MONDAY, Aug. 12, 2024 (HealthDay News) — In a national Medicare Advantage (MA) plan, the prevalence of homebound is 22 percent, and homebound status is independently associated with increased health service use and mortality, according to a study published online Aug. 13 in the Annals of Internal Medicine.
Bruce Leff, M.D., from the Johns Hopkins University School of Medicine in Baltimore, and colleagues examined the prevalence, characteristics, predictors, health service use, and mortality outcomes of homebound beneficiaries of a national MA plan (2,435,519 Humana MA beneficiaries) in 2022. Homebound status was assessed via in-home assessment and categorized as homebound, semi-homebound, and not homebound.

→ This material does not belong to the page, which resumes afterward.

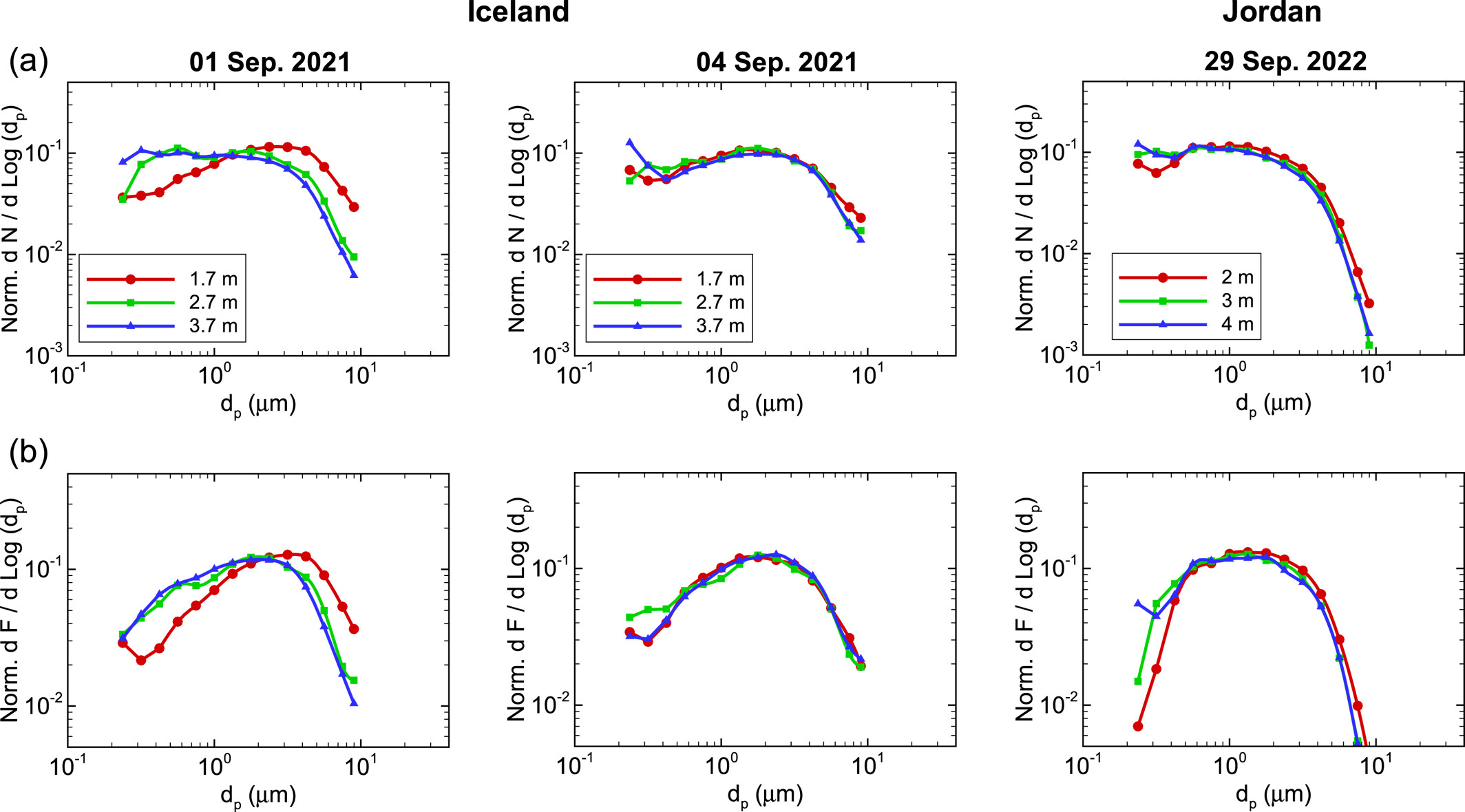 Comparison of ensemble-averaged size distributions of the dust concentration (a) and fluxes (b) in number between different height above the surface, for the 01 and 04 September events in Iceland and 29 September event in Jordan. Ensemble-averages were pe
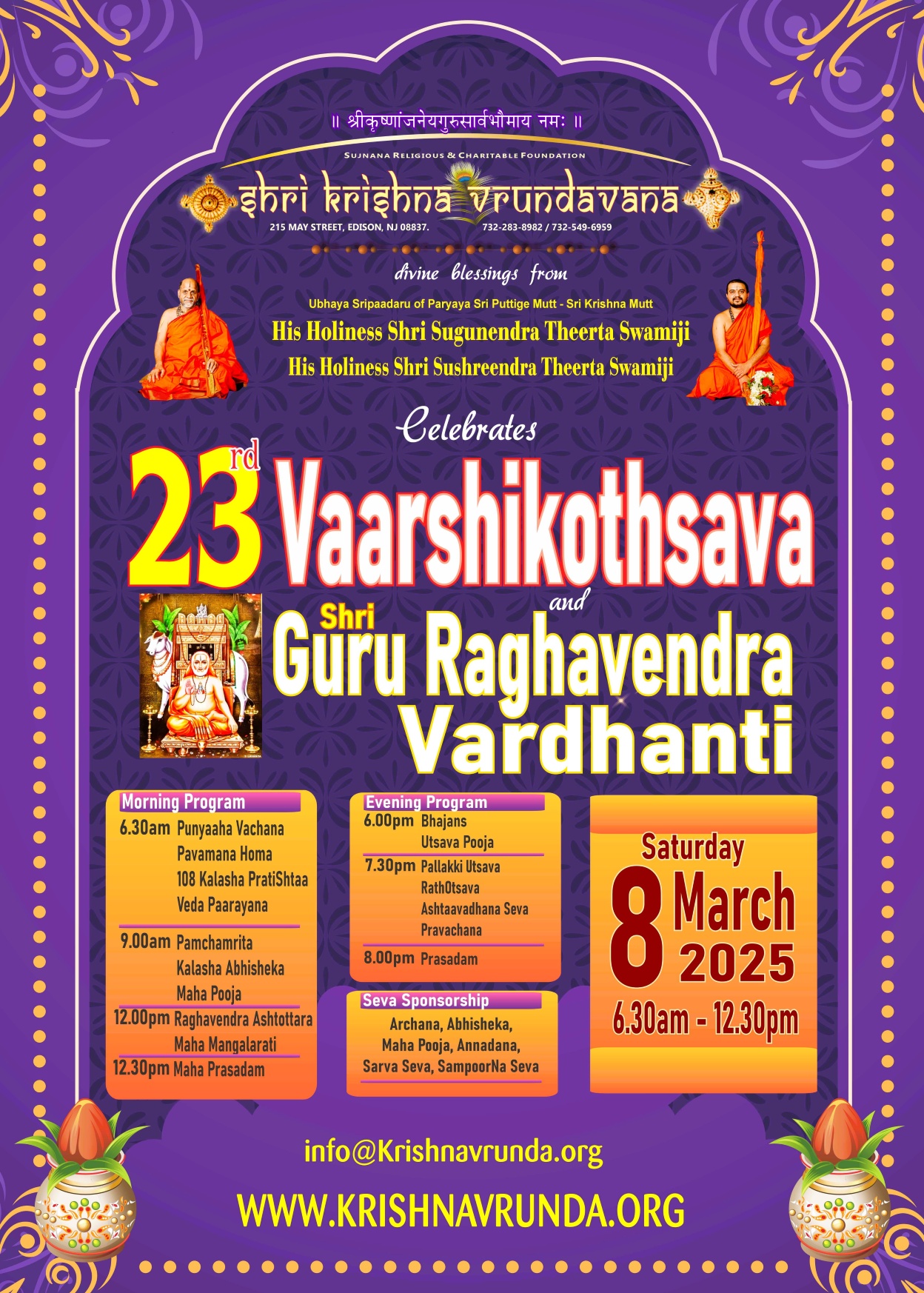 Grand celebration of 23rd anniversary of SKV NJ And Shri Guru Raghavendra Vardhanti

The researchers found that the overall prevalence of homebound beneficiaries was 22.0 percent in 2022 (8.4 percent homebound; 13.6 percent semi-homebound). Homebound status was predicted by female sex, low-income status or dual eligibility for Medicaid and Medicare, dementia, and moderate-to-severe frailty in adjusted models (odds ratios, 1.36, 1.56, 2.36, and 4.32, respectively). Increased odds of any emergency department visit, any inpatient hospital admission, any skilled nursing-facility admission, and death were seen in association with homebound status in a multivariable logistic regression (odds ratios, 1.14, 1.44, 2.18, and 2.55, respectively).
“In the context of MA, homebound persons should be of special interest because frail older adults account for more than half of all preventable costs among Medicare beneficiaries,” the authors write.